Gerrard and Lampard will not play together. Despite any attempt to force the two players together, it never works. Gareth Barry, Owen Hargreaves even Scott Parker were all failed attempts at bringing two of the best attacking players in the English game together. What is so infuriating is that Gerrard and Lampard are both proven good players, amassing countless honours between them. It may be a case of the two of them not producing there best for England, but it is more like to be the fact that neither are ‘clean-up’ players. Both have more rugged tacklers around them at their clubs; such as Ballack and Mascherano. England has never seemed to have that player available, apart from maybe Owen Hargreaves. What is even more staggering is the insistence still to play them both in the same team, either putting Gerrard out on the left or making either of them take more reserved role in the midfield. Even Capello cannot stop himself from picking them both, and this has clearly held back the ‘Golden Generation’.
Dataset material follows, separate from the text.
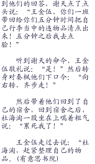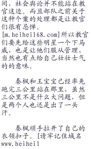 听到教官的话,秦枫和王宝宝只得加快脚步往前跑去。而王金伍作为班长依然陪跑杜海淘。显然教官并不是不近人,所以对王金伍的陪跑,教官并没有再去纠结。他们只是为了给这些明星一个下马威。
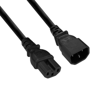 A 10 Amp AC high temperature appliance cord with elastomer flex as required by computer servers and hot kitchen appliances. Fitted with high-temperature, notched-type IEC-C15 appliance connector and an Australian 3-pin mains plug with insulated pins...

Michael Owen goes crazy. The biggest woe for England fans has to be the demise of Michael Owen, a player who promised so much at club level and England. An amazing goal against Argentina, a beautiful finish against Brazil and a great hat trick against Germany, a real English goal scorer had arrived. With electrifying pace Owen would dodge and duck around defenders and use his eye for goal to tuck the ball into the net. Then, in 2004, he went to Real Madrid. The perfect match, the biggest club in the world, with England’s best young talent, how did it go wrong? It lasted a year, accompanied by a hamstring injury and a clear sense of not fitting in Owen couldn’t hack Spain and moved to Newcastle in 2005. His injuries were his major problem, which slowed his pace, probably the most dangerous part of his game. The fall from grace was a huge battering to England’s 2006 chances, just imagine a Rooney-Owen strike partnership, without Rooney being injured obviously.


Are we that good after all? Between David Beckham, Steven Gerrard, Rio Ferdinand and John Terry they have won 3 Champions League titles and 14 Premier League titles. They are good players, really good players. Perhaps some have weak spots (John Terry more than the rest) but they have performed regularly to an extremely high standard at club level but can’t replicate this at England. So if it is not the player’s fault it must be the manager, surely? But how much higher can you go than Fabio Capello? Lippi, maybe Mourinho? Capello has a proven record at winning, and has shown his tactical ingenuity. McClaren has shown his critics by winning a Dutch title with FC Twente and well Sven’s has been turned into a bit of a joke.


So that leaves no one to blame, but the phillisophy of English football and a jumble of mistakes and mishaps along the way, which is very hard for a football fan to comprehend. There is no scapegoat.